BEFORE WE CAN talk about spinal disorders and potential surgeries to treat these disorders, it will be helpful to take a quick look at the spine. If you are already familiar with the structure and function of the spine, feel free to skip ahead to the next section.

These intervertebral discs are wonderful structures that allow the spine to move in wonderful ways. These discs also help protect the vertebrae from each other, keeping them from wearing against each other. And because of the stresses and motion that these discs must endure for a lifetime, they often get injured as well. The human spine gives strength and form to our bodies and is responsible for our ability to stand and walk with an upright posture. It is divided into three sections: cervical, thoracic and lumbar. The spine consists of 24 vertebrae that are connected to one another by intervertebral discs (we will just call them “discs” from this point), facet joints (joints formed from protrusions on the vertebrae) and the various ligaments; together they form a strong but flexible structure. The cervical and lumbar spine are exceptionally mobile. The thoracic spine in conjunction with the ribs forms an almost completely rigid “cage” to ensure the function of the lungs, heart and other organs. In addition to providing strength and structure to the core of the human body, the spine also protects the spinal cord, which runs through the spinal column.

The spine and its components form the major “axis organ” of the body, and all other organs depend on the spine in one way or another. Likewise, the spine can only perform its function with an intact muscular system.


To understand the disc, you need to first understand the vertebrae. The vertebrae are the bones in your spine. They are what gives strength and structure to your body. Each of the 24 vertebrae in a spine are unique. Though no two are quite the same, they do share common structures and function.

The vertebrae in the thoracic spine allow very limited mobility. Instead, with the ribs, they provide a mostly rigid upper core that supports and protects your lungs, heart, and other critical organs. Because of this relatively rigid structure, the thoracic vertebrae tend to bear stresses together, with very limited force borne by an individual vertebra. As such, we see far fewer thoracic spine injuries and degeneration than we do in other areas of the spine.

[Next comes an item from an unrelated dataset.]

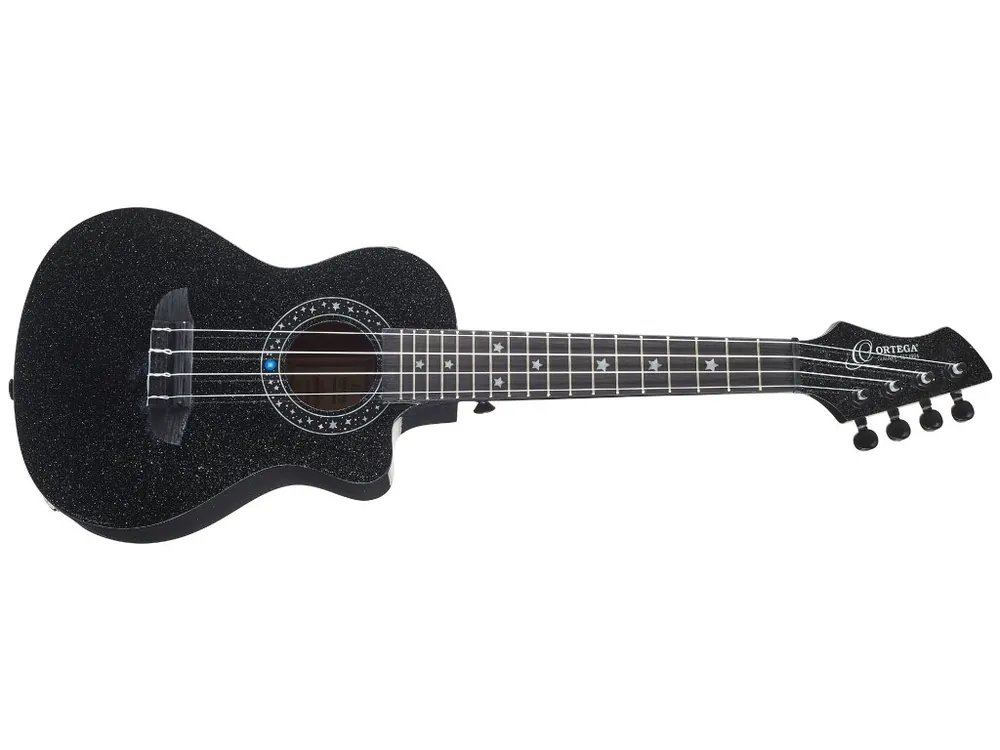 Řada Horizon značky Ortega nabízí kvalitně zpracované akustické a elektroakustické ukulele v koncertní velikosti charakteristické hlavicí ve tvaru elektrických kytar a použitím exotických dřev. Tělo tohoto ukulele je vyrobeno z překližovaného agathis, které zdobí lesklý třpytivý finiš Black Silver Sparkle. Ke krku z okoumé je přilepen hmatník z kompozitního dřeva (tecwood) osazený osmnácti pražci. Struny jsou uchyceny v kobylce z kompozitu a uzavřených černých ladících mechanikách (Die-Cast – 4 in line) s černými kolíčky. Pěkné zpracování podtrhují zdobné polohové značky a rozeta složená z hvězd. O ozvučení nástroje se stará preamp MagusUke s integrovanou ladičkou. Kouzlo ukulele spočívá v tom, že se na něj snadno a velmi rychle naučí hrát téměř každý. Pokud se do početné rodiny ukulelistů chcete připojit i vy, neváhejte a přijďte si tento nástroj vyzkoušet.

The cervical and lumbar spine are another story. The vertebrae in a healthy cervical spine and lumbar spine allow significant motion. Barring injury, their form allows you to bend down and touch your toes, and to bend your neck to put your chin on your chest. As you may have experienced if you have back problems yourself, any compromise in motion in these areas can result in serious limitations and pain. The high level of mobility in the lumbar and cervical spine comes at a cost; these areas are far more prone to injury and degeneration than the thoracic spine. The relative freedom of movement means a single lumbar or cervical vertebra can be subjected to much greater stress than a thoracic vertebra. The additional movement also causes these areas of the spine to wear out at an earlier age as a result of degenerative processes. For this reason, lumbar and cervical spine injuries are very common. Unfortunately, because the spinal column also surrounds and protects the spinal cord from injury, changes to the segments of the spine can also impact the spinal nerves structures and cause excruciating pain and other symptoms.


In between the vertebrae are soft, flexible discs that serve to separate the vertebrae and allow them to move in relation to each other. These are called intervertebral discs for the simple reason that they sit between the vertebrae. For simplicity, they are often referred to merely as discs.

The exterior of each disc is composed of a fibrous material called the annulus fibrosis. This surrounds and protects the soft fluid-filled center, the nucleus pulposus. While the names of these structures are not important, their function is very important. You see, this combination of a soft center and a strong but flexible exterior allows the spine to move in six distinct ways.